Ending the 1965 regime between South Korea and Japan

Posted on : 2019-08-18 21:06 KST Modified on : 2019-10-19 20:29 KST
Relations between Seoul and Tokyo have been dominated by postwar frameworks that are no longer relevant
Japanese Prime Minister Shinzo Abe (second from left) and Minister of Economy
Japanese Prime Minister Shinzo Abe (second from left) and Minister of Economy

The history of the end of the “1965 regime” is now in full swing. The trigger pulled by Japan with its trade warfare is set to go down in history as its opening salvo.

The origins lie in the Korean Peninsula peace process that began last year. It marked the beginning of a new stage in the establishment of the “new Korean Peninsula regime.” That regime is a new order created as the Korean Peninsula transforms from a setting for warfare and confrontation to one of peace and cooperation. This will necessitate overcoming two “postwar eras” that have imposed a warfare rationale upon Northeast Asia. The threat of war became intensified on the peninsula in the past as the post-World War II era, persisting in the form of the Cold War, combined with the post-Korean War era, which has survived as the armistice system. That was the essence of the 2017 crisis.

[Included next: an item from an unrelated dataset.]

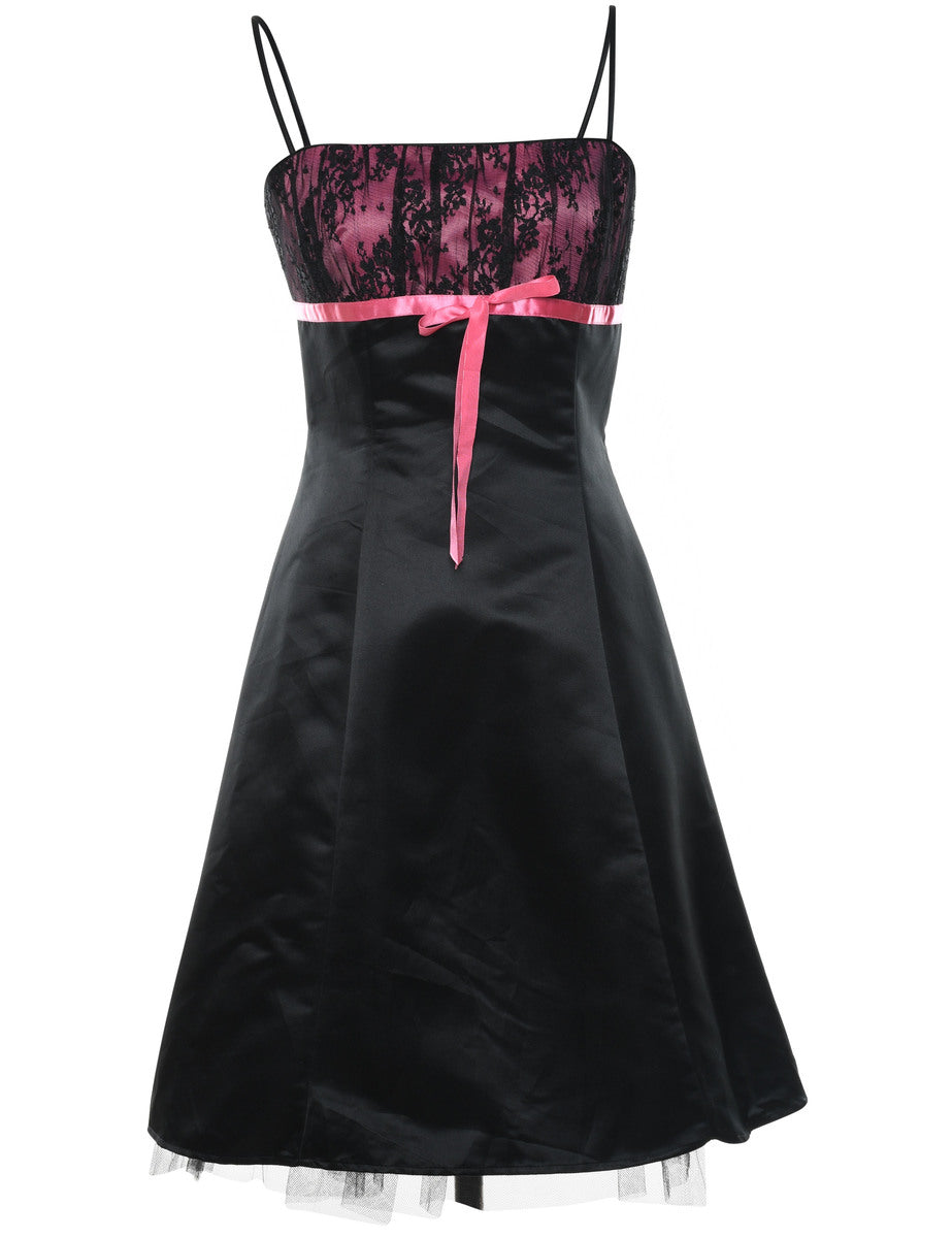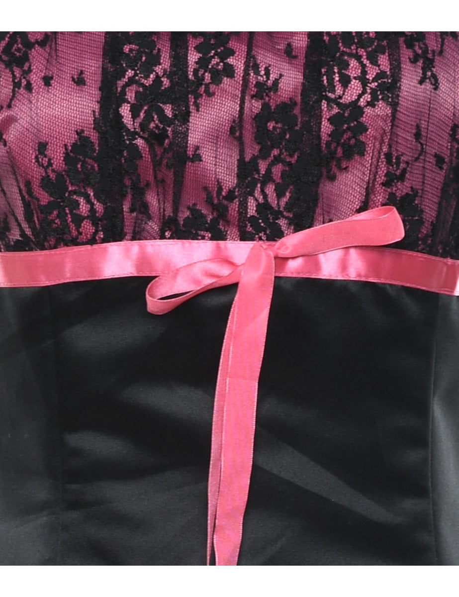 1990s Vintage Y2K Strappy Black & Pink Evening Dress - XS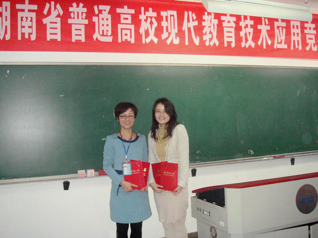 在11月17日(星期六)上午举行的2013年湖南省普通高等学校教师课堂教学竞赛决赛中,MG冰球官网计通学院曹敦和水利学院王华两位女老师在实验组比赛中获得一等奖。在下午的颁奖会上,她们同时被授予了湖南省教育系统“芙蓉百岗明星”荣誉称号。

The year 2018 marked the beginning of the end for these two postwar regimes. As the Korean Peninsula peace process moved forward, a movement arose to bring an end to the 1965 regime established between South Korea and Japan as part of the Cold War order. The Panmunjom summit of April 2018 and the Supreme Court judgment the following October were inextricably linked. Establishing a new relationship between Seoul and Tokyo to suit the new Korean Peninsula regime emerged as a matter in need of being addressed.

The two sides’ past relationship as a subordinate alliance amid trilateral security cooperation with the US to ensure the perpetuation of the Northeast Asian Cold War order and the Korean War armistice no longer fits with the new Korean Peninsula regime.

South Korea has sought to bring an end to the Korean Peninsula armistice regime, which has functioned to amplify the threat of war. Japan has sought to maintain a strategic balance in Northeast Asia that is predicated on the armistice regime’s continuation. This has shaped the geopolitical front between South Korea and Japan, exacerbating mutual trust amid conflicting historical layers in the interpretation of the armistice and Cold War. Such is the backdrop for the latest trade war.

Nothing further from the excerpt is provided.